Post-Vasil, “you publish information once, and then multiple consumers are able to use that information without interfering with each other, which was very, very difficult to do before,” Flerovsky said.
This makes it possible to use oracles, which send off-chain data, such as the price of a specific real-world currency or the temperature, to the blockchain. Oracles, in turn, make stablecoins possible. And stablecoins are among the most important assets in DeFi.
Lower Transaction Fees
The upgrade improves Cardano in more fundamental ways.

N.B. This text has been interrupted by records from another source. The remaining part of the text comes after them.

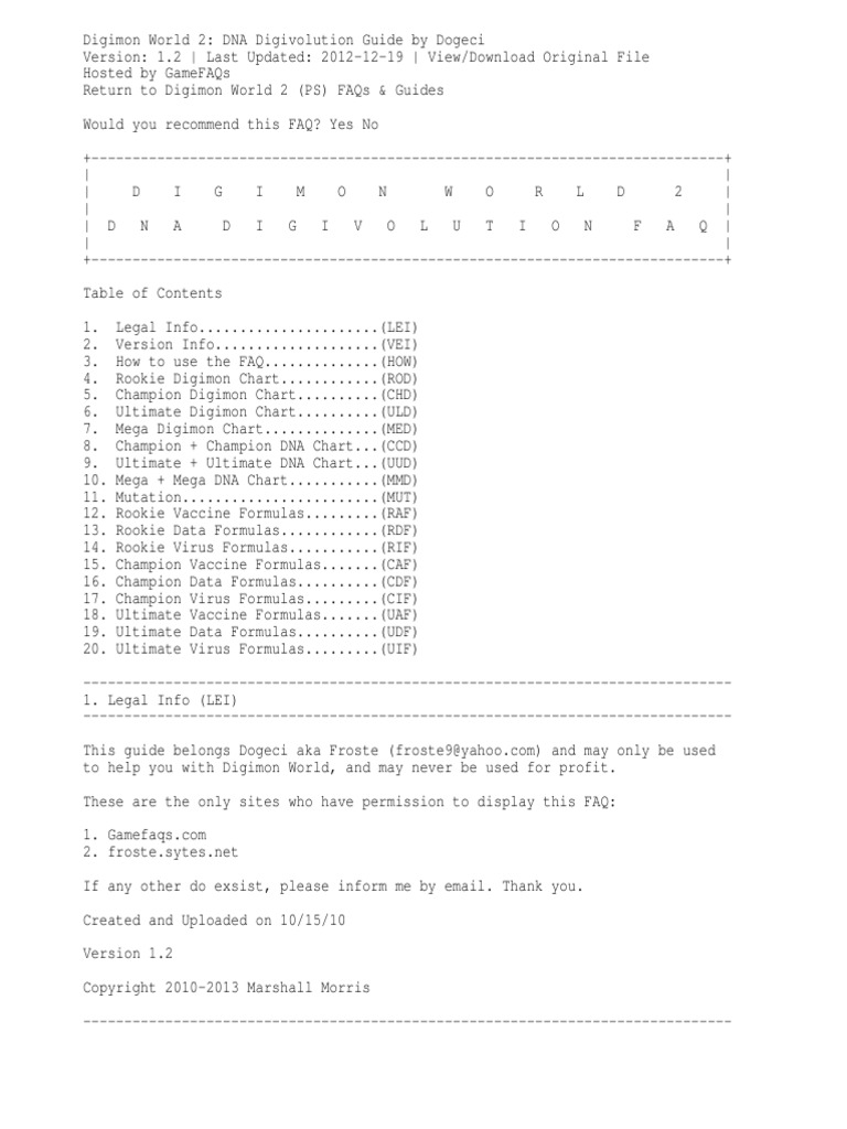 Digimon World 2 Dna Digivolve - DNA Informasi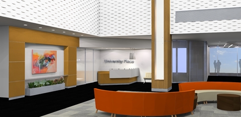 The name change is the first step in Butters’ and Bristol’s multi-prong strategy to reposition the property as a best-in-class office center. A multi-million dollar renovation and capital improvement project is being rolled out with renovations starting as early as March on upgrades and modernization of the building’s lobby atrium and new main entry. The newly rebranded University Place at City Center will also undergo full refurbishment of its front retail façade, which has immense street presence spanning nearly a half block along University Drive. A full upgrade of the building’s passenger elevator system, which includes two all-glass cabs that offer riders dramatic views of the lobby atrium, will be completed in February.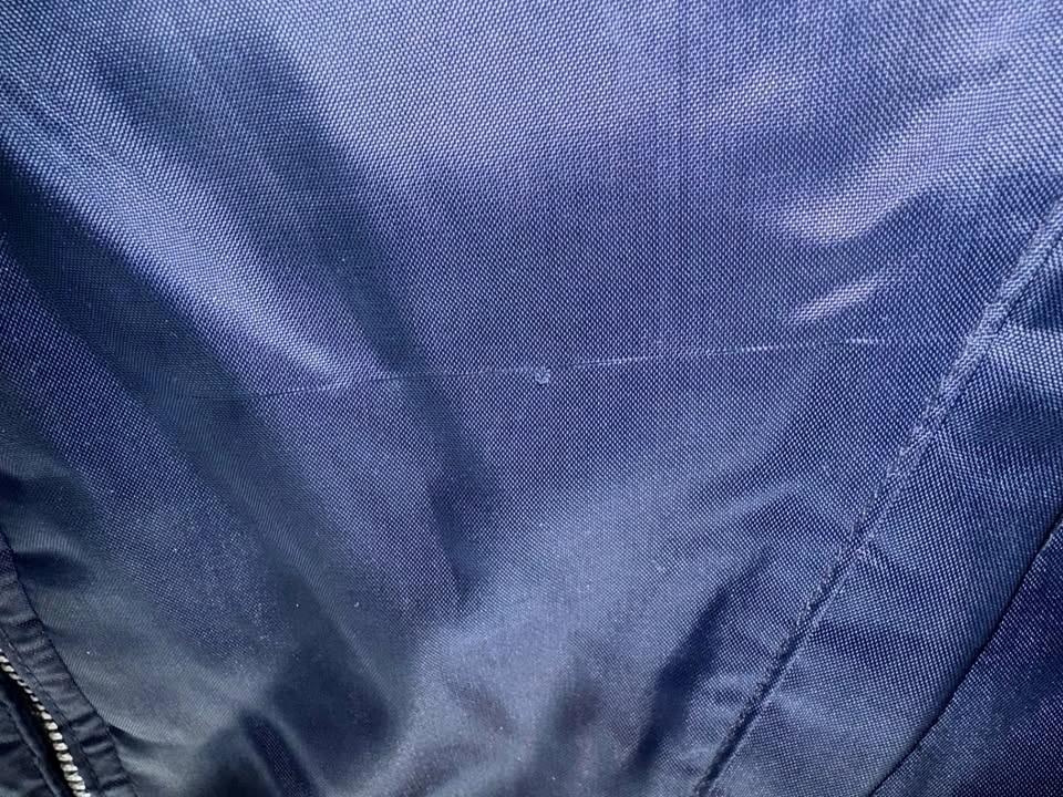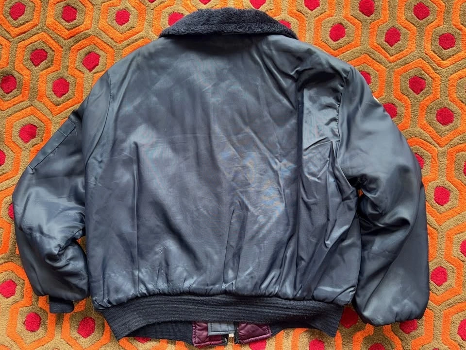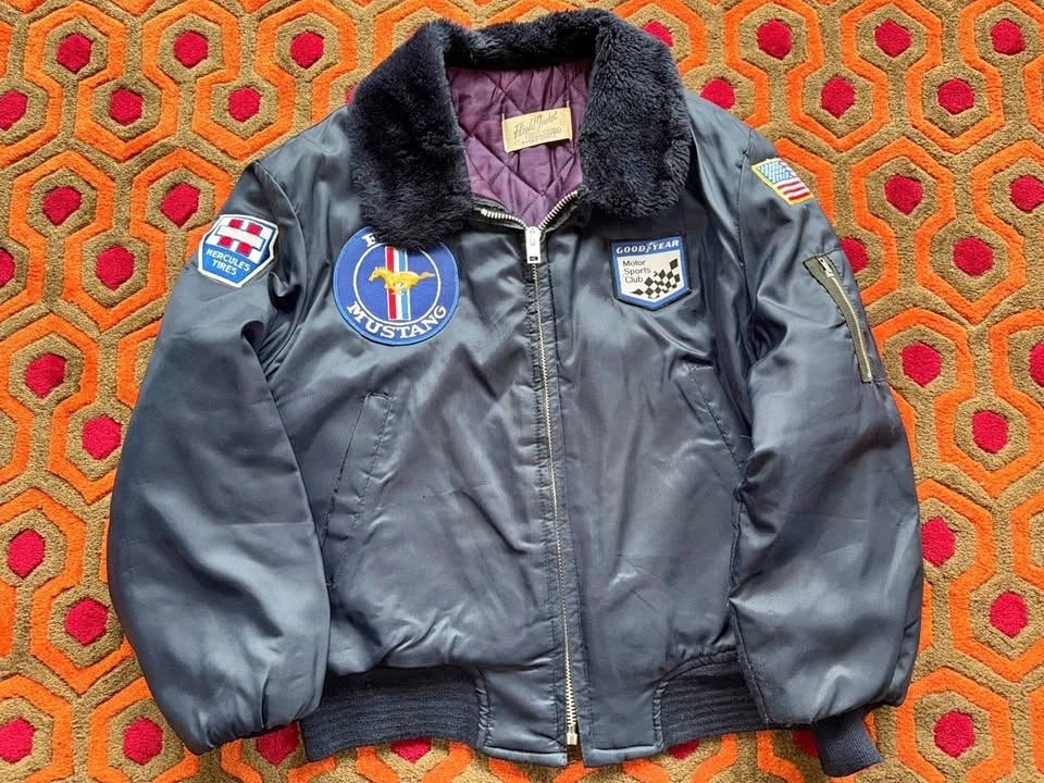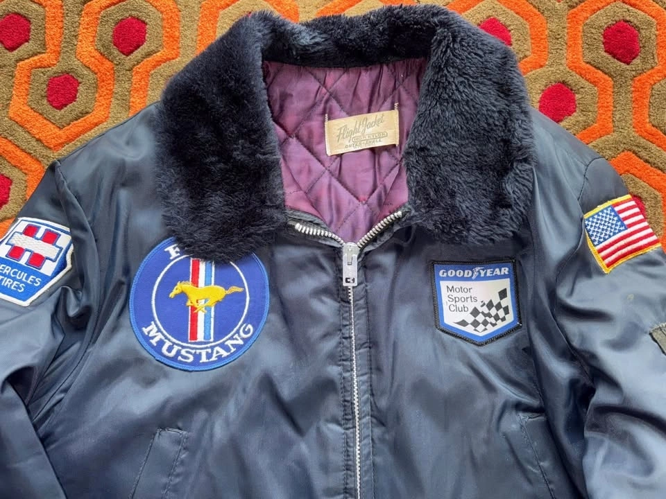 Vintage Flight Jacket, fits Men's Small to Medium. Measures about 25" pit to pit. Dark blue outside with purple lining. Features patches from USA flag, Good Year Motor Sports Club, Ford Mustang, and Hercules Tires. This is a vintage item and shows signs of wear, including runs in the nylon and wear on the sleeve cuffs. Pick up at Yonge & Sheppard.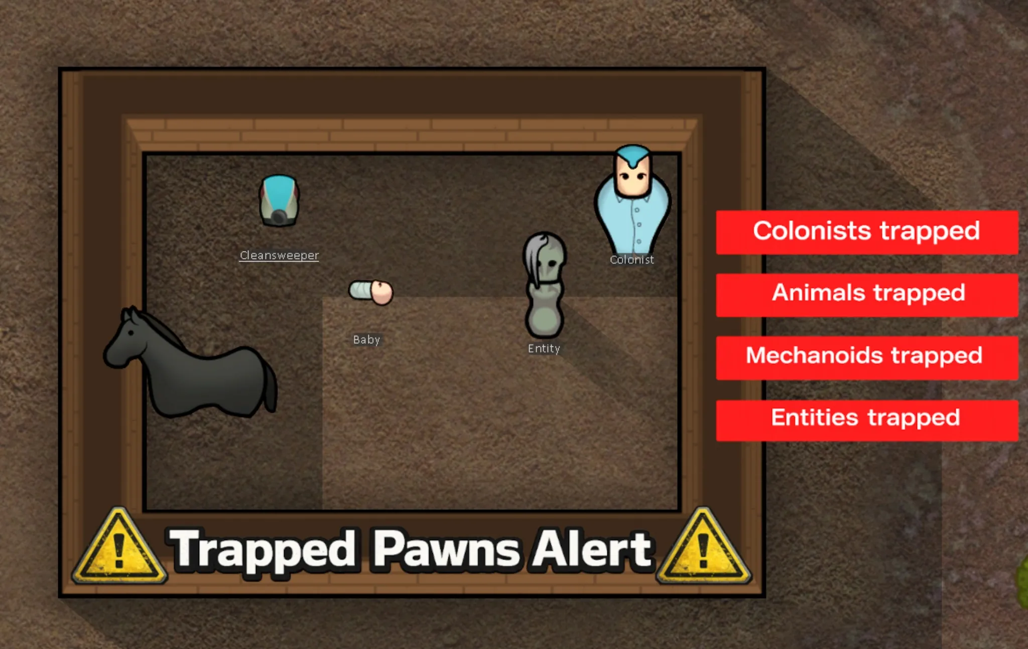 This mod detects when colonists, babies, animals, mechanoids or entities can no longer reach the map edge -- or might be unable to.

During testing, Artano, a Cardano NFT project, found that using Vasil reduced the cost of buying and bidding on NFTs by more than 75%.
MuesliSwap, a DEX, found a 90% reduction in transaction size and a 50% reduction in transaction cost on Vasil.
And there are myriad other under-the-hood changes that will open up new possibilities with smart contracts and reduce infrastructure and operational costs.
How quickly existing protocols take advantage of these improvements is another matter, however.
“I’m not sure if everybody is willing to go for a full redesign to take advantage of [the upgrade], because there’s an expense involved,” Flerovsky said. “You have to have developers change your smart contract code, you have to have auditors come in … and those are fairly expensive things to do.”
There are several protocols set to launch protocols that have been waiting for the upgrade. But if Cardano to challenge other chains for DeFi prominence, it’ll have to attract even more talent.
Emurgo plans on launching a $200M fund to support development on Cardano, CoinDesk reported Thursday, citing founder Ken Kodama. Kodama told the publication that growth on Cardano has been “relatively slow,” but that the blockchain is now ready “with the infrastructure needed to safely expand and grow the network in the coming years.” Emurgo did not immediately respond to The Defiant’s request for comment Friday morning.
“They claim it’s going to be faster than almost all other blockchains, but projections and production are quite different,” Dunleavy said. “But again speed only matters so much. You need a community who wants to build there.”